There are specific camera settings and equipment factors that influence sharpness of the subject and overall photograph. Get the most value from the camera’s focus functions by understanding and applying these tips:
Depth of Field
Depth of field is how much of a given photograph is in sharp focus, from front to back. Only the subject you are focused on is tack sharp. Other elements in front of and behind the subject will be somewhat sharp. The following factors control depth of field:
- Focal Length – A long lens (such as 300-600 mm) produces shallow depth of field. Telephoto lenses are great for wildlife portraits and showing detail.
Subject Distance – As you get closer to the subject, depth of field decreases down to fractions of an inch.
- Focus Point – Depth of field extends about one-third in front of the point you focus on, and two thirds behind it. Focus on the eye of the tiger and its nose will generally be in focus. When photographing an animal with a long face, such as a zebra or wolf, try to photograph their profile to ensure their eyes and nose are in sharp focus.
- Aperture (f-stop) – Small f/numbers such as f/4, produce limited depth of field.
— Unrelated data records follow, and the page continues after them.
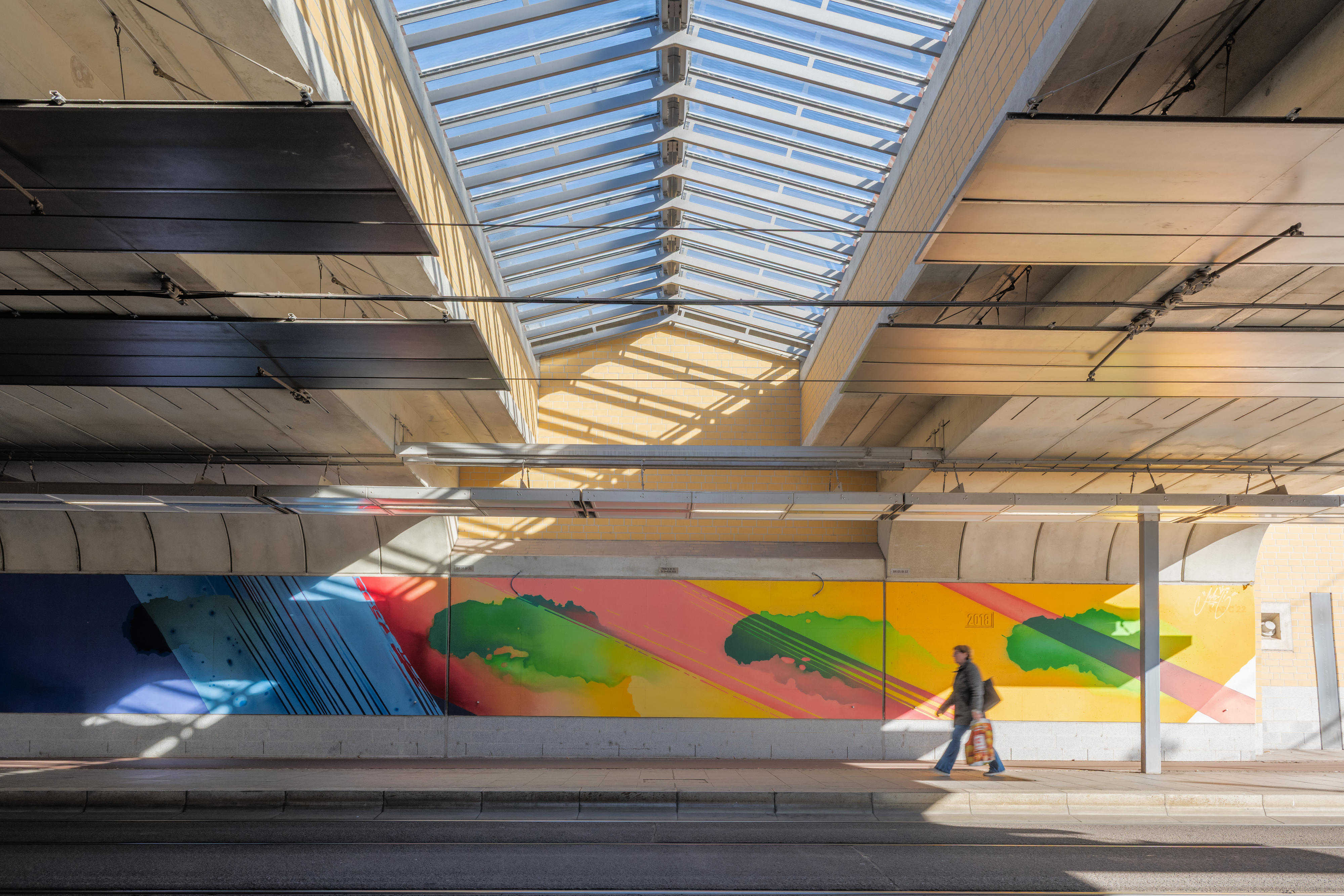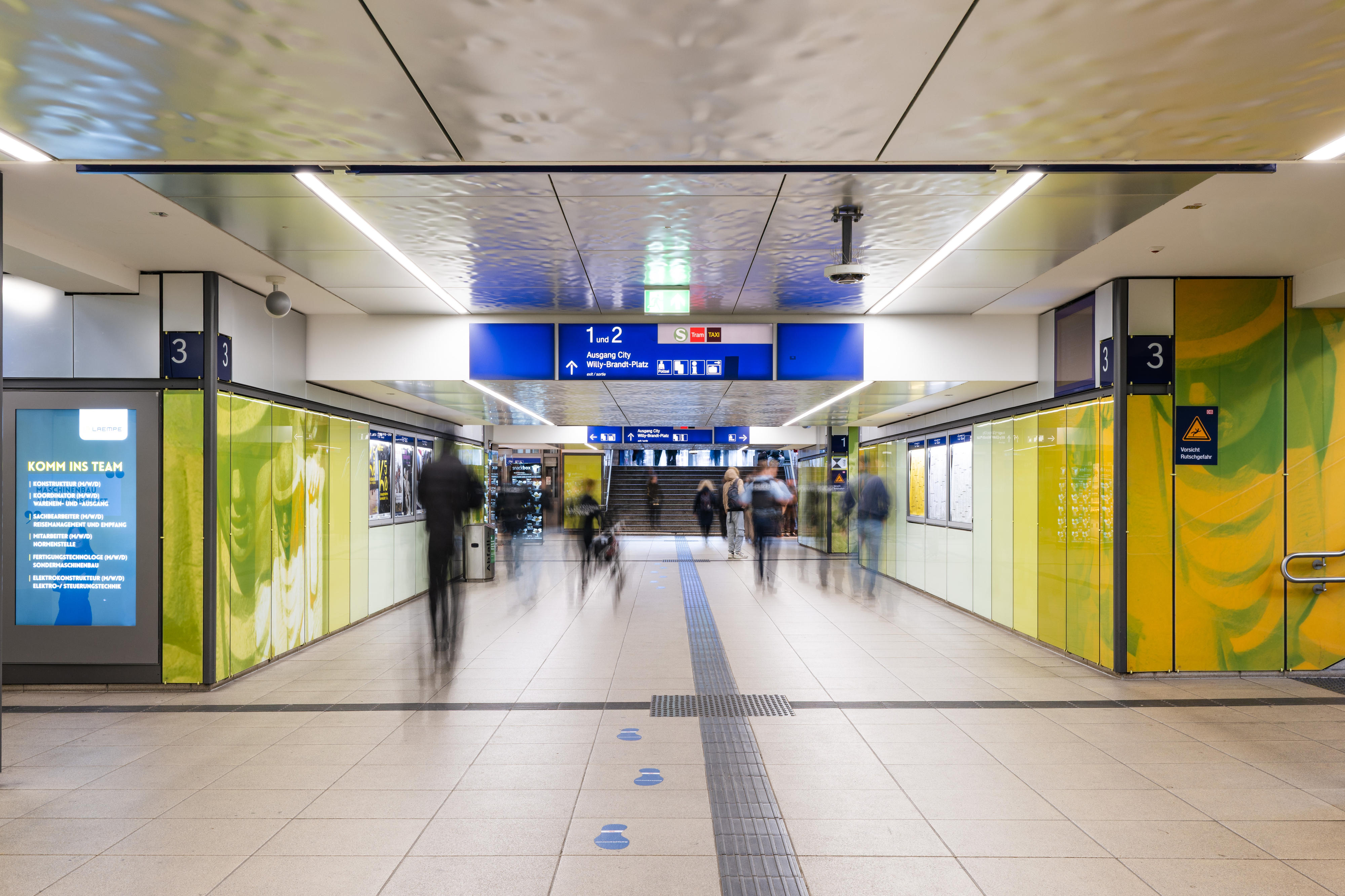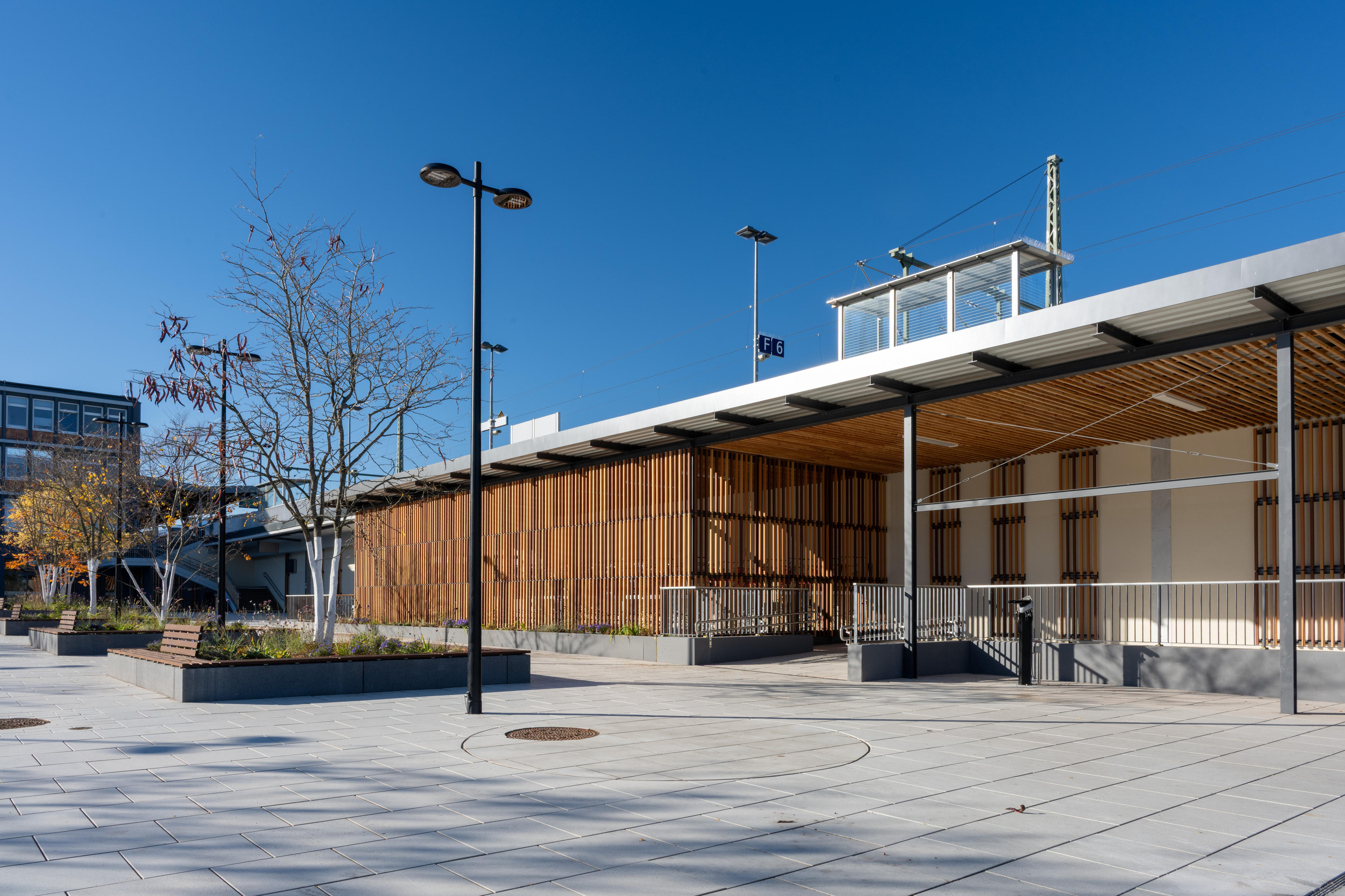 Auf der Westseite des Bahnhofs entstand der Eingang Konrad-Adenauer-Platz mit einem imposanten Zeltdach, das nicht nur den Weg zum Bahnhof weist, sondern auch als Wetterschutz für die Fahrrad-Abstellanlage dient. Von hier aus erreichen Reisende den Busbahnhof, Parkplätze, Car-Sharing- und Mietrad-Stationen – alles, ohne größere Straßen überqueren zu müssen. Der Willy-Brandt-Platz ist Fußgängern, Straßenbahnen und Taxen vorbehalten, was die Zugangssituation entspannt und sicher macht.
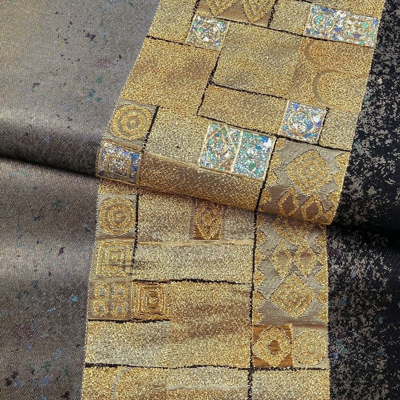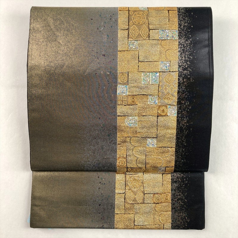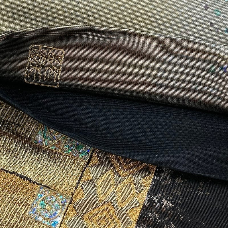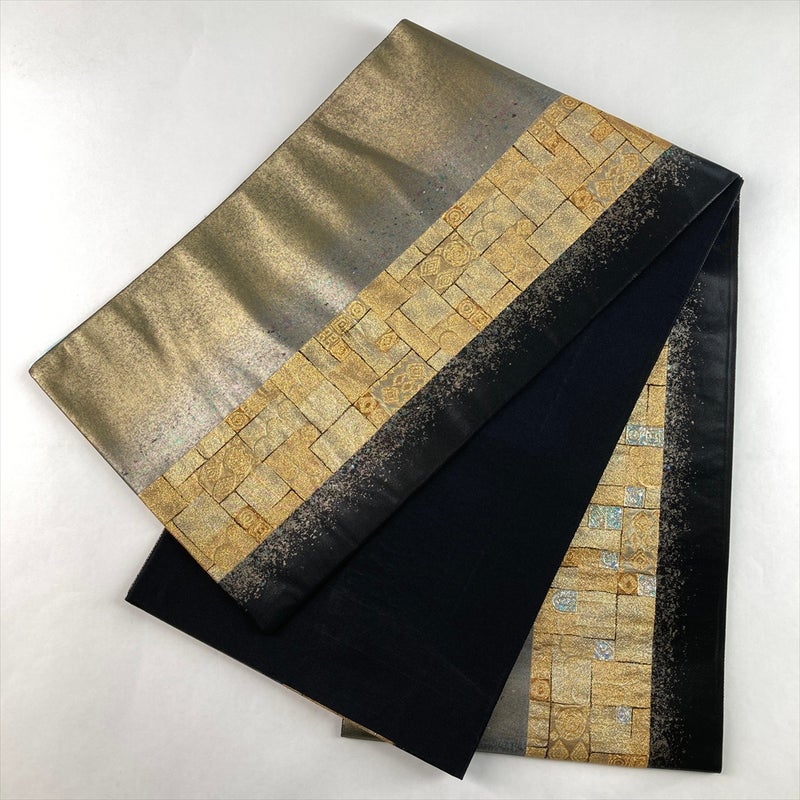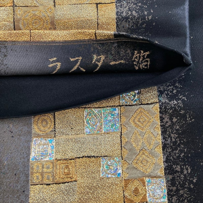 金と黒のコントラストが美しく、金の幾何学文様が洗練された輝きを放つフォーマル向け袋帯。
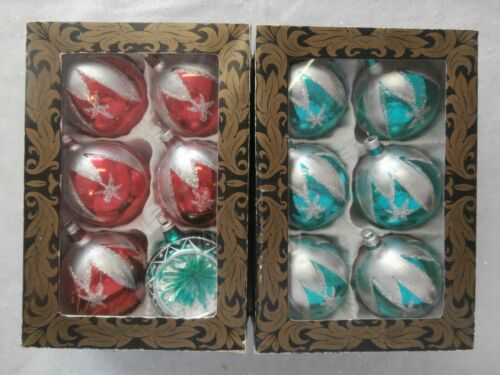 2 BOXES BEAUTIFUL VINTAGE ANTIQUE WEST GERMANY CHRISTMAS ORNAMENTS RED & AQUA
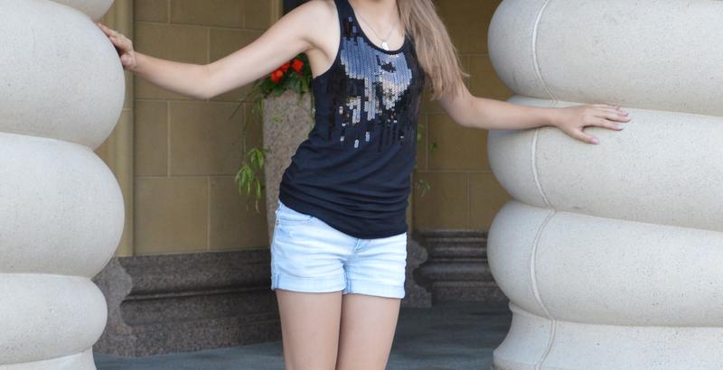 Майка Gloria Jeans примерно на 10 лет, верхняя часть украшена пайетками
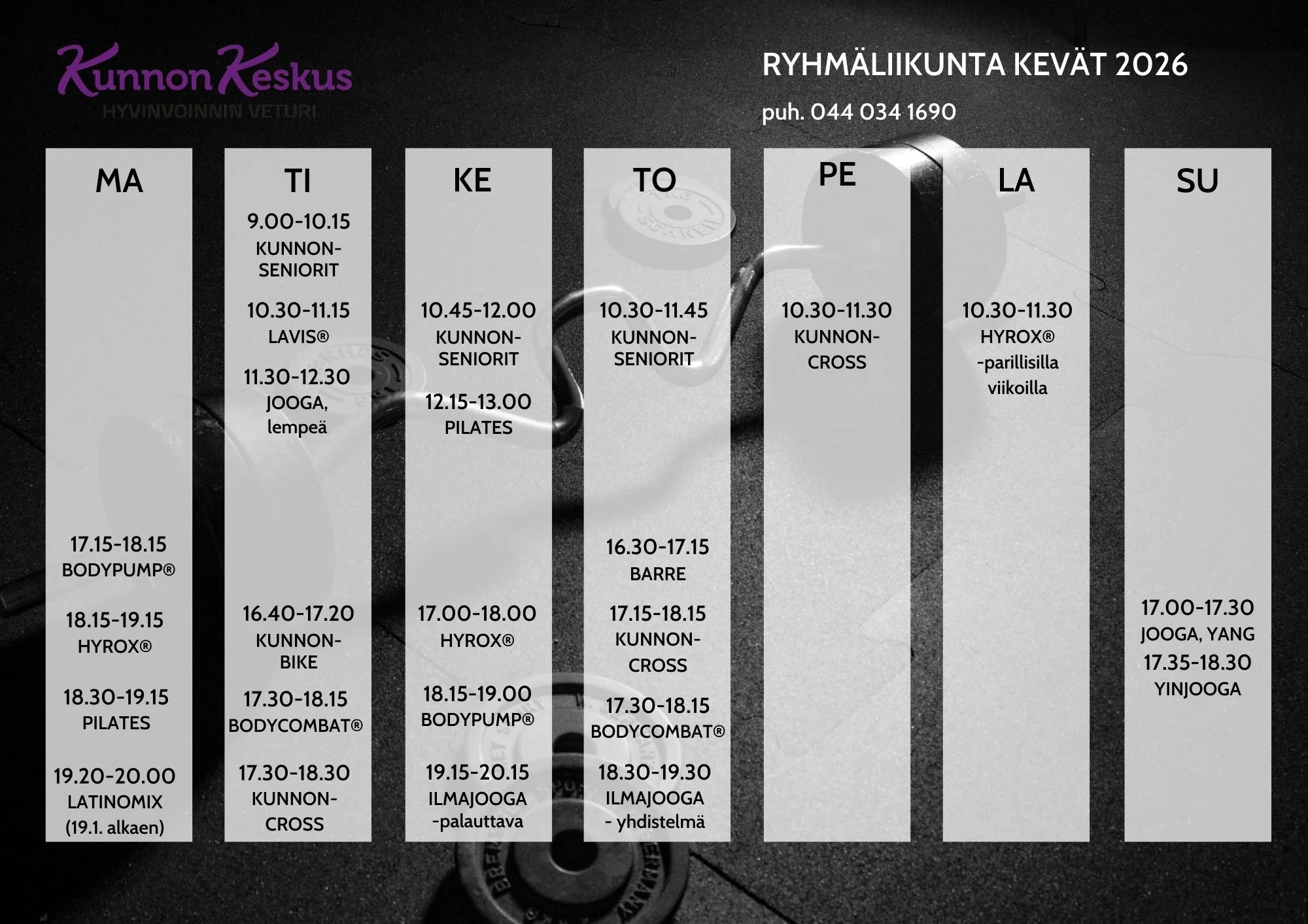 Ohjattujen tuntien aikataulut
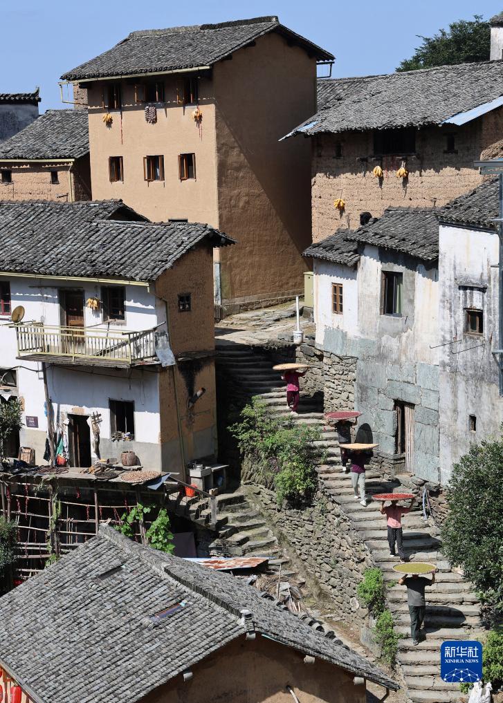 9月18日,在黃山市歙縣陽(yáng)產(chǎn)村,村民頭頂曬匾走在村里,準備晾曬農作物。
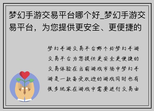 梦幻手游交易平台哪个好_梦幻手游交易平台,为您提供更安全、更便捷的交易体验。在当前游戏市场中,梦幻手游是一款备受欢迎的游戏,同时也有很多玩家在游戏中需要进行交易。由于交易过程中存在很多风险,因此选择一个安全、可靠的交易平台显得尤为重要。本文将从六个方面为您详细介绍梦幻手游交易平台哪个好,为您提供更安全、更便捷的交易体验。

Large f/numbers such as f/22, increase the zone of acceptably sharp focus.
Auto Focus Mode
Cameras offer two types of auto focus modes, by which the camera focuses automatically when the shutter-release button is pressed halfway.
- Single Servo (S) – The auto focus function focuses when the shutter-release button is pressed halfway, locks and remains locked. Use this when the subject is not moving.
- Continuous Servo (C) or AI Servo Mode – The auto focus function focuses continuously while the shutter-release button is pressed halfway. If the subject moves, the camera will engage predictive focus tracking to predict the final distance to subject and adjust focus as necessary. For most wildlife photography, use Continuous Servo (AI Servo) mode.
Auto Focus Area Mode
Focus points are the little empty squares or dots that you see when you look through your viewfinder. The area of the frame that the camera will use for auto focus is shown by the focus points. Modes:
- Single Point or Manual AF Point – The camera uses one focus point that you choose in your viewfinder to acquire focus. Use Single Point Mode for the majority of wildlife photography, because it enables you to select a specific feature such as an animal’s eyes on which to focus.
- Dynamic Area or AF Point Expansion – You choose one focus point. Once focus is acquired, if your subject moves, the camera will utilize the surrounding focus points to track subject movement and keep the focus on your subject. Pan the camera along with the subject to make sure the subject stays close to the initially selected focus point.
Use Dynamic Area (or AF Point Expansion) and/or Predictive (3D) Tracking for wildlife that is running, flying or moving sporadically. To track a small portion of the scene, pick a small number of points (such as 9 points). To track the entire frame, pick the highest number of points available or predictive (3D) tracking to track your subject.